Research from Rainmaker Information found that the assets under management for ESG-themed exchange traded products (ETPs) have tripled in the last three years. Following rapid growth and some impressive performance, that proportion has tripled to 3% of the market, or 1.8 billion as at June 2020.
The growth in ESG products has outpaced the wider ETP market. The June 2020 Rainmaker Information ETP report notes that "since June 21017 the overall ETP market grew by 31% pa from $29.3 billion to $65.6 billion, Smart Beta products grew by 60% pa from $1.3 billion to $5.4 billion. ESG products meanwhile grew 76% pa from $325 million to $1.8 billion."

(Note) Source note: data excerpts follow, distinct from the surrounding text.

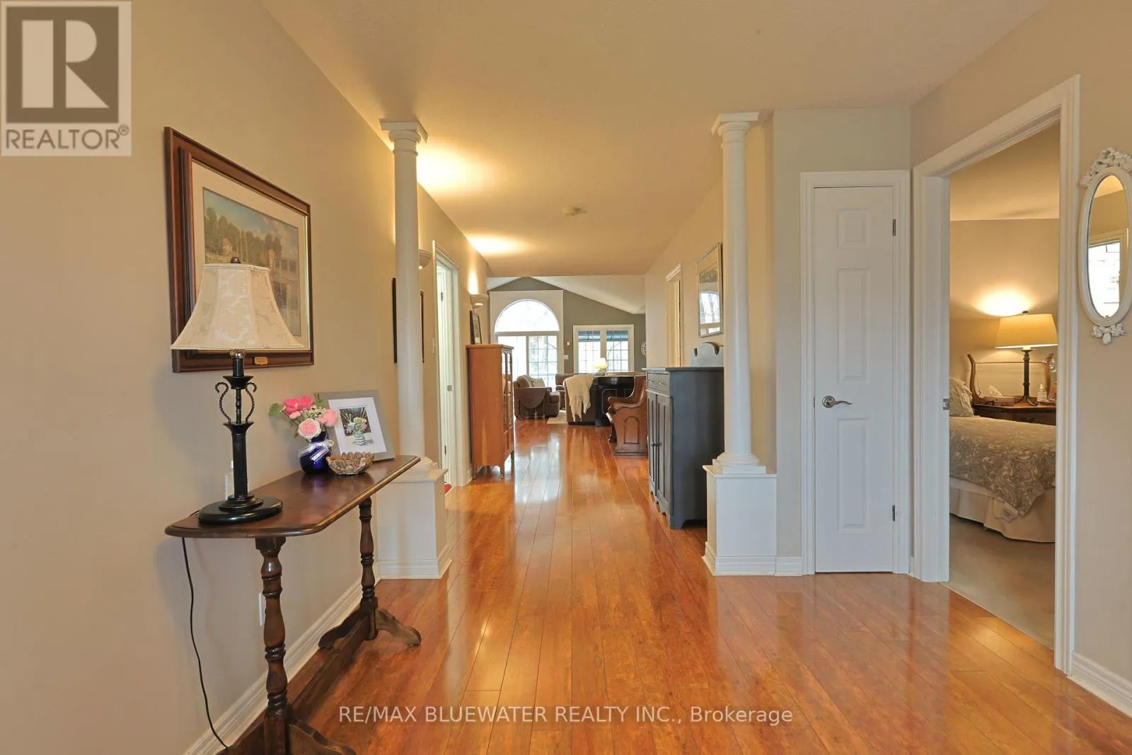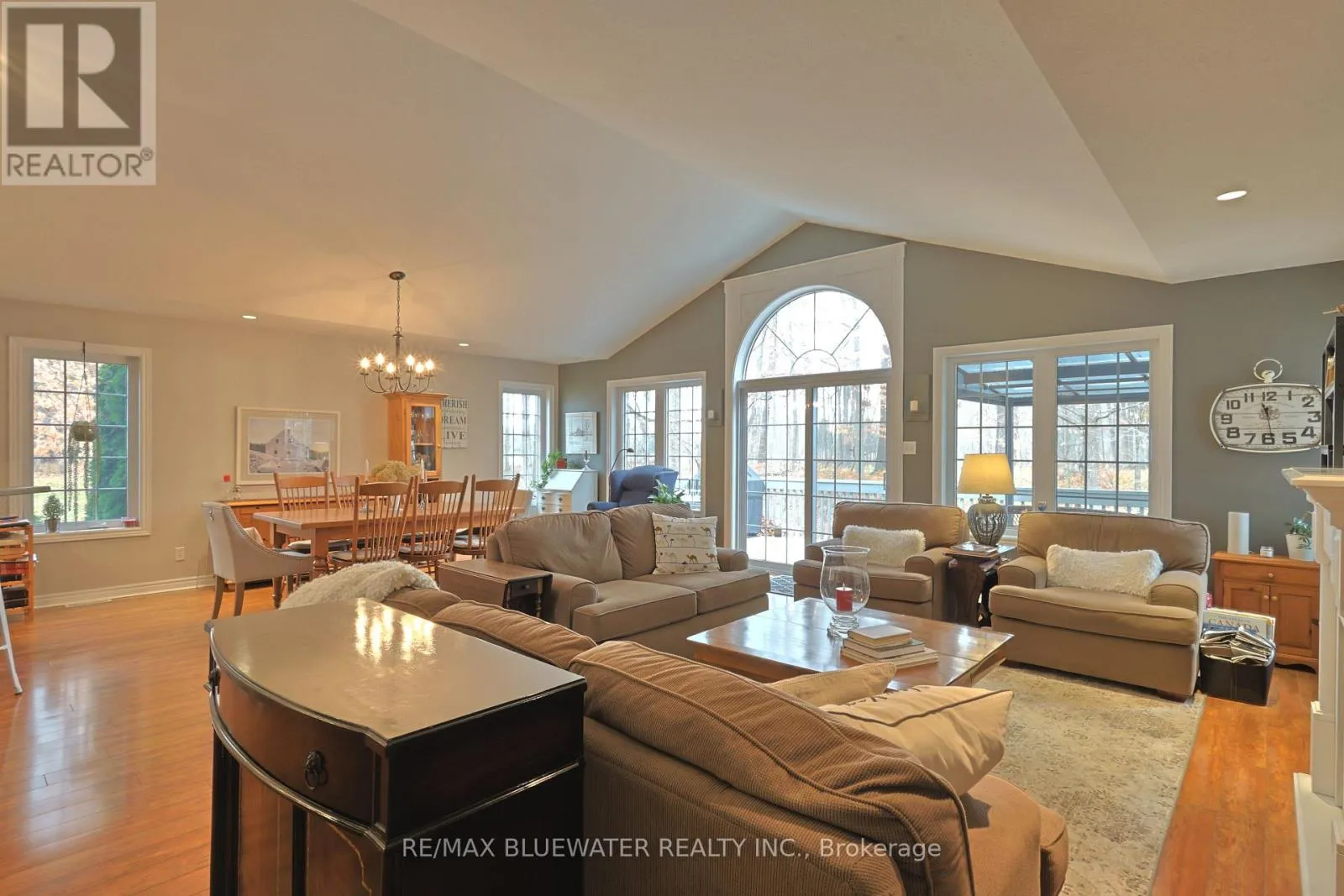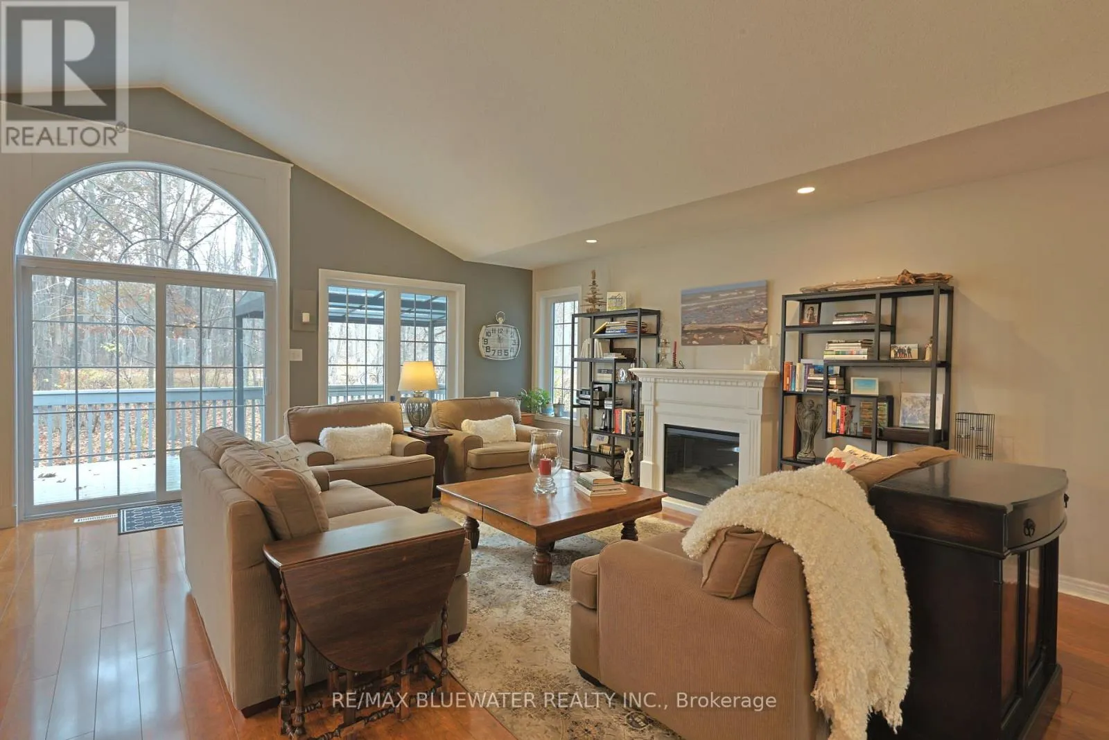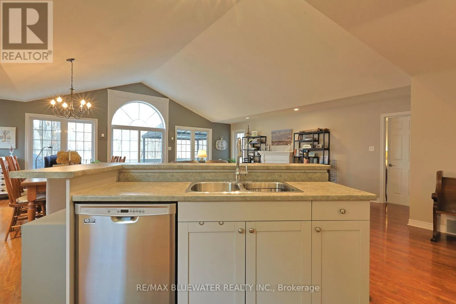 Cross Streets: Hwy 21/Grand Cove Estates. ** Directions: Entering Grand Cove Estates. Turn left and turn left onto Shannon Blvd. Follow around to the home on right hand side. INCREDIBLE VALUE IN GRAND COVE ESTATES BUILT IN 2005 BACKING ONTO NATURE! Welcome to 363 Shannon Blvd, Grand Bend in Grand Cove Estates. This 2005 site built home with single attached garage offers 1,326 sq ft of highly appointed living space. Great curb appeal with nicely landscaped gardens, covered front porch and single attached garage. Entering the home you are greeted by a spacious entrance foyer with decorative columns and double closet. Wide hallway leading to the impressive great room with cathedral ceilings and lots of windows to take in all the privacy of backing onto nature. Expansive kitchen with large eat-up island, updated appliance and lots of cabinetry. Dining area is spacious with lots of room to put in the extra table leaves for when guests come over! Living room centered around fireplace with surround. All with great views of nature through the wide two panel sliding door and large arched window above! Large primary bedroom with walk-in closet and three piece ensuite. Floorplan allows for a true second bedroom along with a third room that could be a bedroom/den/office! Second full four piece bathroom. Updated laminate flooring throughout most of the home. Mudroom off of garage offers more storage and laundry. 4 foot crawl space with concrete floor is great for extra storage if needed! Grand Cove Estates is a 55+ land lease community located in the heart of Grand Bend. Grand Cove has activities for everybody from the heated saltwater pool, tennis courts, woodworking shop, garden plots, lawn bowling, dog park, green space, nature trails and so much more. All this and you are only a short walk to downtown Grand Bend and the sandy beaches of Lake Huron with the world-famous sunsets. Monthly land lease fee of $1,070.71 includes land lease, access to all amenities and taxes. (id:27476)
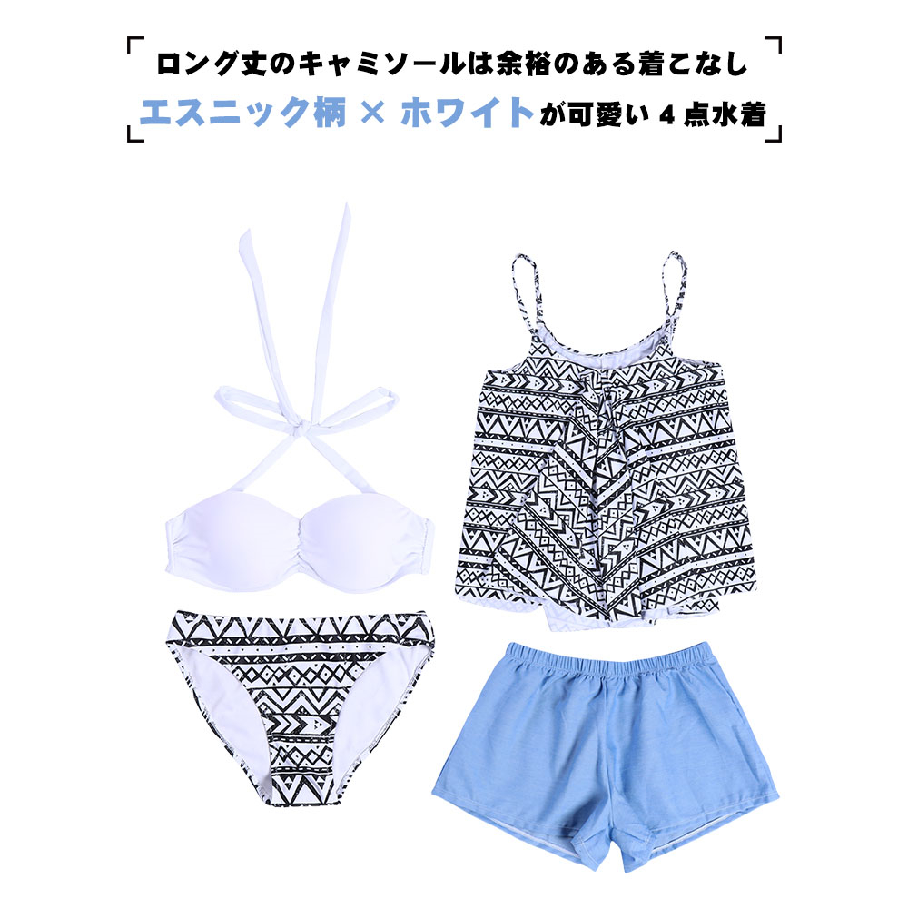 水着 レディース 4点セット 体型カバー S/M/L/LL キャミソール 大きいサイズ 体型カバー 30代 40代 20代 ヒップ 太もも ママ おしゃれ ぽっちゃり
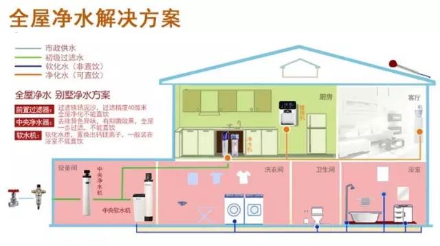 家庭水設(shè)備就是根據(jù)家居水質(zhì)的情況,在用水管路的適當位置設(shè)計、配置相關(guān)的水處理設(shè)備:前置過濾器、凈水機、軟水機、純水機、末端直飲機等等,以提高居家生活飲水和生活用水的質(zhì)量,達到家庭用水的四個現(xiàn)代化:“健康化、方便化、自動化、時尚化。”
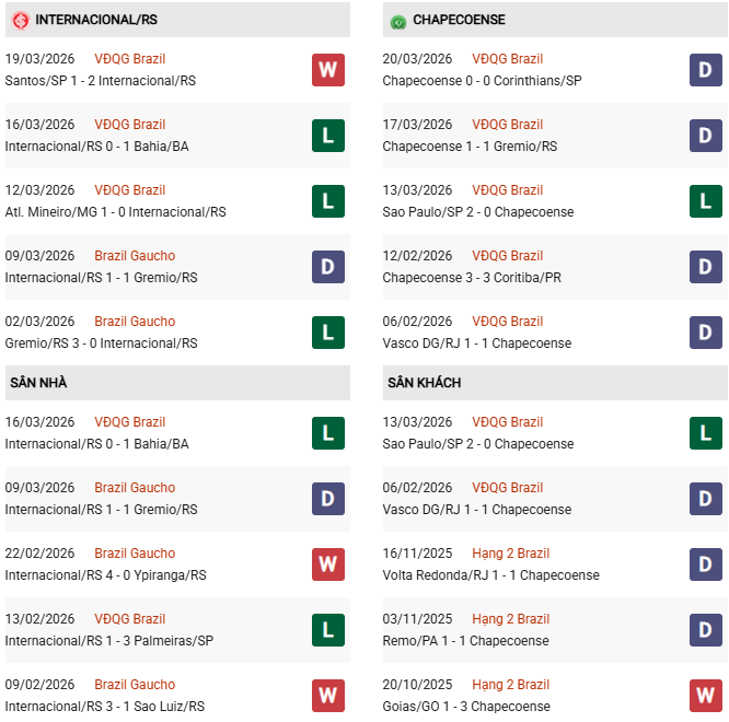 Ở phía đối diện, Chapecoense đang đứng thứ 14 với 7 điểm và phần nào cho thấy sự ổn định hơn. Họ bất bại 3/5 trận gần nhất với 2 chiến thắng và 1 trận hòa, dù vẫn xen kẽ những thất bại. Lối chơi của Chapecoense thiên về sự chắc chắn, ưu tiên phòng ngự và tận dụng cơ hội từ các tình huống phản công.
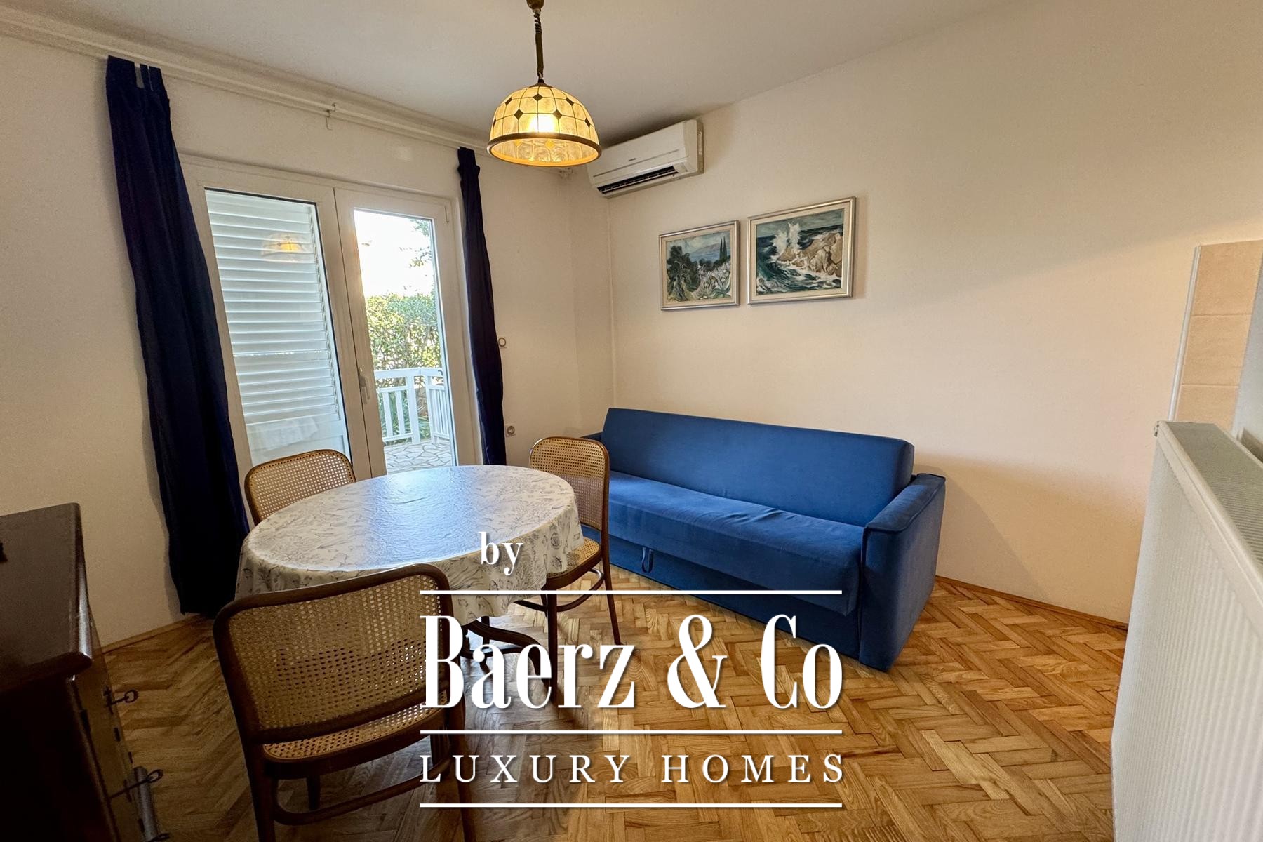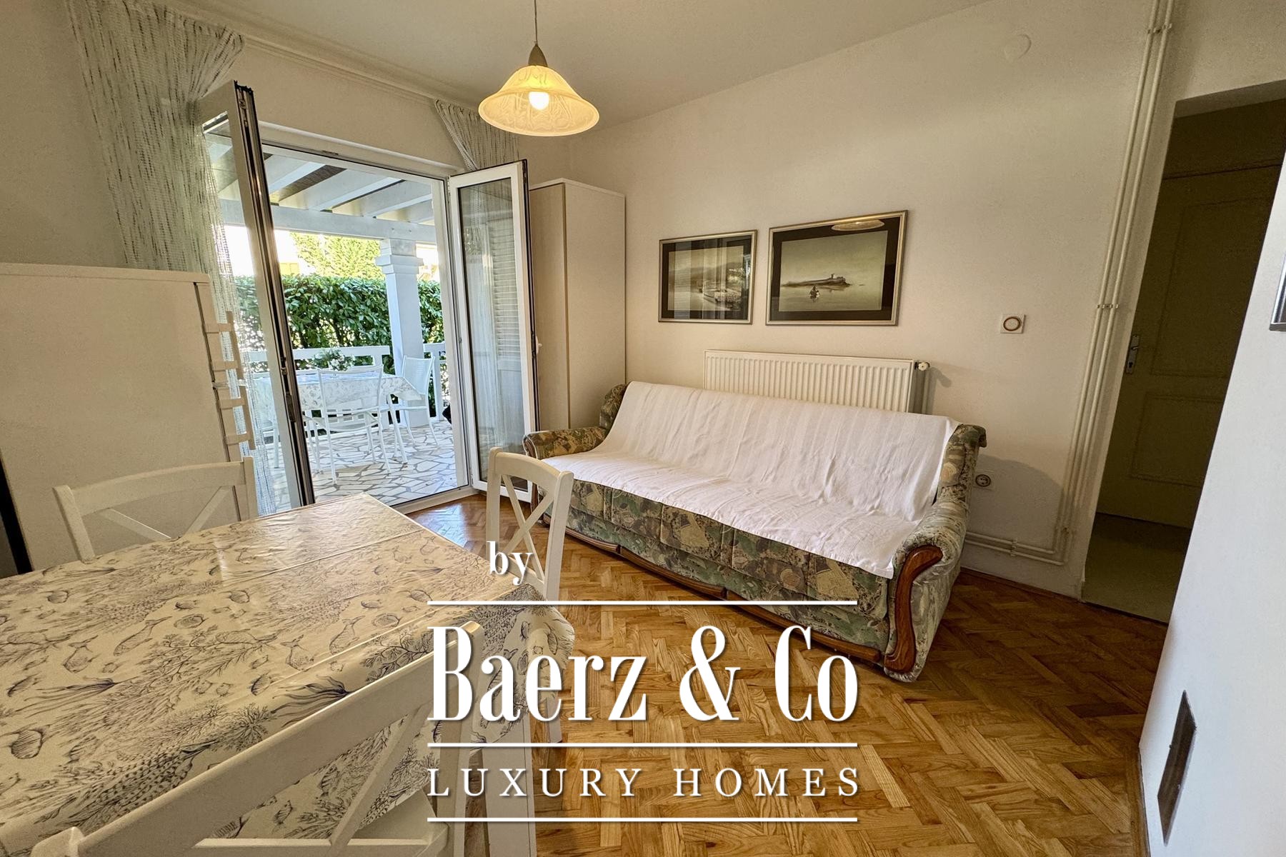 apartment consists of a bedroom, bathroom, kitchen, living room and terrace.Another additional apartment is located in the basement of the house and has two bedrooms, a kitchen, a bathroom and a storage room.There is also a garage in the yard of the house, and the garden itself is full of beautiful Mediterranean plants.Four more cars can be parked in the yard.For any additional information, feel free to contact us!
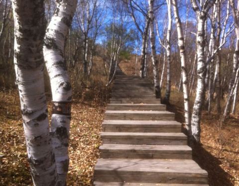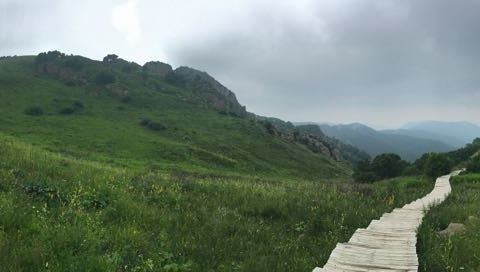 秋天去最好 万山红遍 层林尽染 蓝天悠远 白云婀娜 山路旁的白桦树 婷婷玉立 林间 落叶覆盖 散发着浓浓的秋的气息 快到最高峰时 一级级的木栈道 将你引入千亩高山草坡 面对斑斓的群山 极目远眺 还有什么烦忧放不下呢?
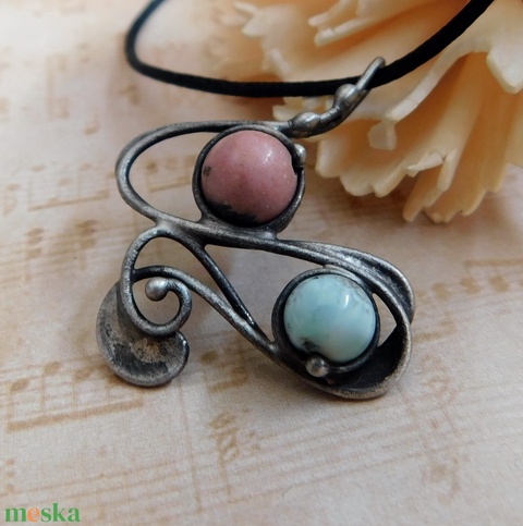 A medál Tiffany technikával készült rodonit, larimár, réz és ólommentes, ezüsttartalmú ón felhasználásával. A díszítés szintén saját készítésű, nem tartalmaz gyári elemeket. A fémrészt óezüstre patináztam és lelakkoztam, hogy sokáig szép maradjon.
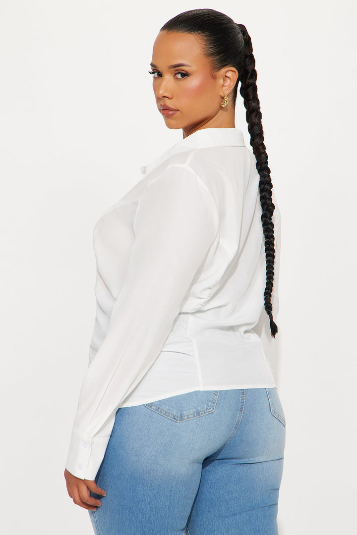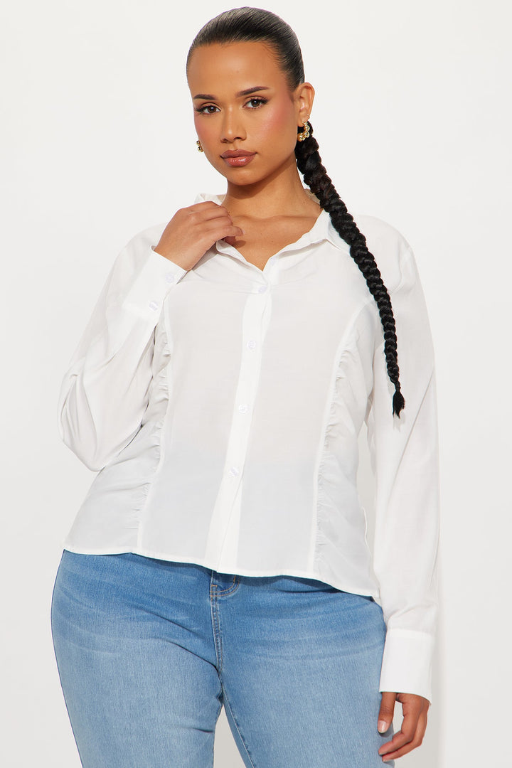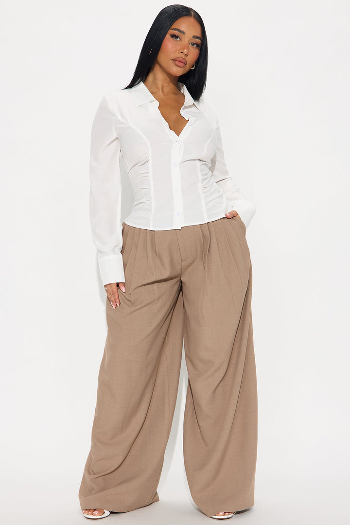Available In Taupe And White. | Challis Shirt | Button Up | Ruched Detail | Non Stretch | 65% Rayon 35% Polyester | Imported
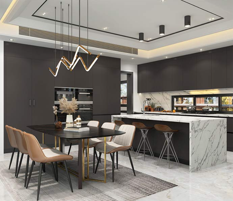 Lacquer Finish: Lacquer is a matte or high-gloss finish that provides a smooth surface to kitchen cabinets. It is typically applied using a spray gun and offers excellent durability, scratch resistance, and water resistance.
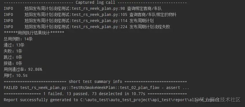 - 将获取到的各个(通过、失败、跳过、报错)执行结果与用例通过率一起,输出到控制台展示:↓(Windows本地运行效果)

The ESG ETP sector is has five participants - BetaShares, Russell Investments, Vanguard, VanEck, and InvestSMART.
"We are focused on providing premier investment solutions which leverage enduring investment themes," Neiron said. "Our new clean energy ETF is another example of this commitment. Fossil fuels are finite, they will run out. CLNE gives investors an opportunity to invest in the infinite global clean energy supply of the future, and to participate in the transition from fossil fuels to renewable sources.
"CLNE gives investors access to a long-term structural growth opportunity, adding to the 25 ETFs we already have listed on the ASX. Our ASX-listed smart beta ETFs have attracted a range of investor types which is testament to the high quality, well researched and relevant strategies we offer," Neiron said.